Впереди – Баб-эль-Мандебский пролив. В его водах хозяйничают англичане. Мы ведь даже не знаем, по какой причине командир этого небольшого крейсера решил проявить столь настойчивое любопытство. По собственной инициативе или волею пославшего его начальства? Наши сигнальщики не примечали ничего, что бы указывало на слежку или хотя бы повышенное внимание. Ни маячащих в отдалении кораблей, ни обгоняющих. Лишь встречные изредка. И те не проходили поблизости. Красное море – не узкий коридор. Тут достаточно места, чтобы со вкусом разойтись вдали и друг от друга и от берега.
* * *
После столь неприятной встречи я с неожиданной ясностью почувствовал, насколько нашей экспедиции не хватает артиллерийского корабля для сопровождения в пути. Ведь если нас раскроют или хотя бы в чем-то заподозрят, достаточно даже одной канонерской лодки, чтобы полностью разрушить всю нашу затею. Имея дальнобойные пушки, не так уж трудно противодействовать торпедной атаке, ведь катера уязвимы, а подводная лодка тихоходна. Так что расстрелять издали корабли сопровождения – задача тривиальная. Что же касается подводных лодок – да, поймать их почти невозможно. Но они частенько нуждаются в ремонте, причем, случается, вынуждены привлекать к нему обеспечивающих – Игната, Сашку Клемина или меня. Потому и путешествовали мы каждый на своем судне. Ведь теперь в командах «Ныряльщиков» не заводчане и конструкторы, а мастеровитые военные моряки, многие – с инженерной подготовкой. Но это пока не тот уровень знаний, которым обладают создатели подводных лодок.

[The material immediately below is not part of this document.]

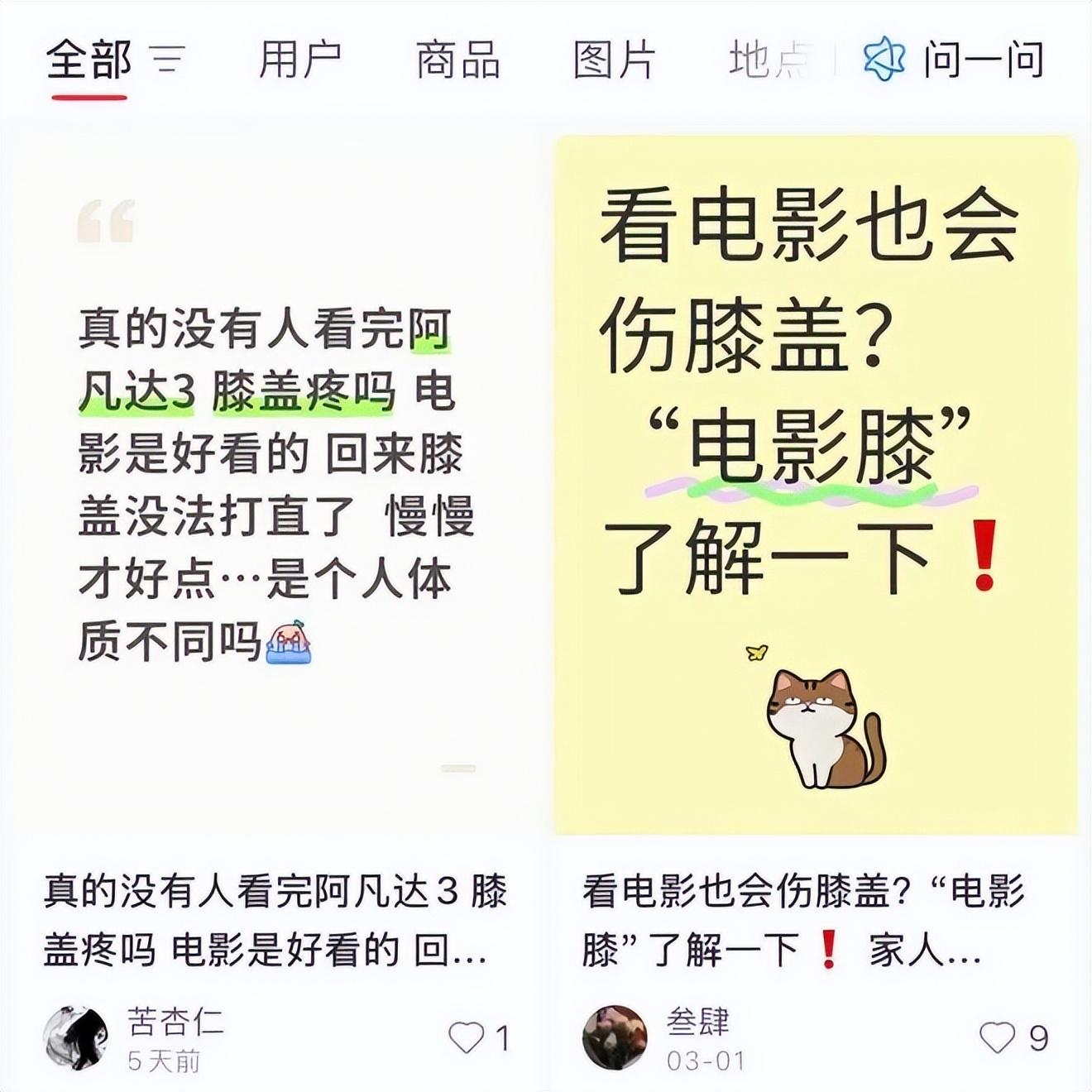 不少網友看完電影會膝蓋疼(小紅書截圖)

Первый большой сбор состоялся у нас после прохода Баб-эль-Мандеба у северного берега залива Таджура. Тут эскадру поджидал угольщик, и настало время серьезной ревизии механизмов всех трех субмарин. Они ведь прошли около трех тысяч миль. Это триста пятьдесят часов хода. Кто-то может и улыбнуться, сочтя такую наработку ничтожно малой. Господа, не забывайте уровня технологий и качества материалов не самого еще конца девятнадцатого века. Так что пока пароходы отбегали бункероваться, на лодках, прикрытых от чужого взора корпусами двух оставшихся «нянек», звенели гаечные ключи и звучал технический жаргон про «ерундовинки» и «загогулинки».
Вероятно, все догадались и про подшипники турбин, и про щетки электродвигателей. Только аккумуляторы нас порадовали – они неплохо себя чувствовали. Хотя общий перечень замен выглядел впечатляюще.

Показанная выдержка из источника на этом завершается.